Results of a study released today by the National Cancer Institute suggests that heavy smokers may be able to reduce the chances of dying from lung cancer through low-dose helical computed tomography (CT) scans. In a randomized national trial of more than 53,000 current and former heavy smokers, CT scans led to outcomes with 20% fewer deaths from lung cancer.
This finding will likely play a very significant role in several class action lawsuits against Philip Morris which seek to have the company pay for periodic CT scans for heavy Marlboro smokers. One such case, Donovan v. Philip Morris, has been certified as a class action in federal court in Massachusetts. In 2009, the Massachusetts Supreme Judicial Court recognized medical monitoring as a valid cause of action (the Harvard Law Review discusses this decision here in a pdf).A similar case is awaiting a decision on class certification in New York: Caronia v. Philip Morris. The class in both cases are represented by the firm of Levy Phillips & Konigsberg.

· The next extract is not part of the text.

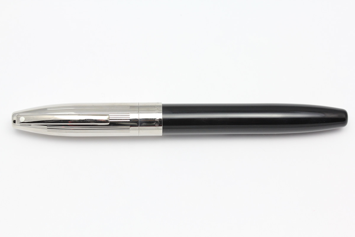 Deep cut straight lined pattern palladium electroplate finish cap and black laque barrel with palladium electroplated trim, fitted with a solid 18ct gold nib with palladium electroplated overlay.

The important thing about this and similar cases is that they are on behalf of people who are not yet suffering from lung cancer from smoking but who are at dramatically increased risk for the disease. Most health insurance plans will not cover CT scans, even for heavy smokers. Therefore, the people at the highest risk for lung cancer do not usually benefit from this diagnostic procedure. However, until today, there was not as clear a case to be made that CT scans would substantially benefit heavy smokers. Risks from these procedures include possible unnecessary radiation exposure and complications from further diagnostic procedures subsequent to an inconclusive scan.
The only case of this sort to go to trial did so twice (due to a mistrial) and resulted in a defense verdict. That case was Blankenship v. Philip Morris. The findings from the NCI study released today might very well have led to a different result there and in pending and future cases.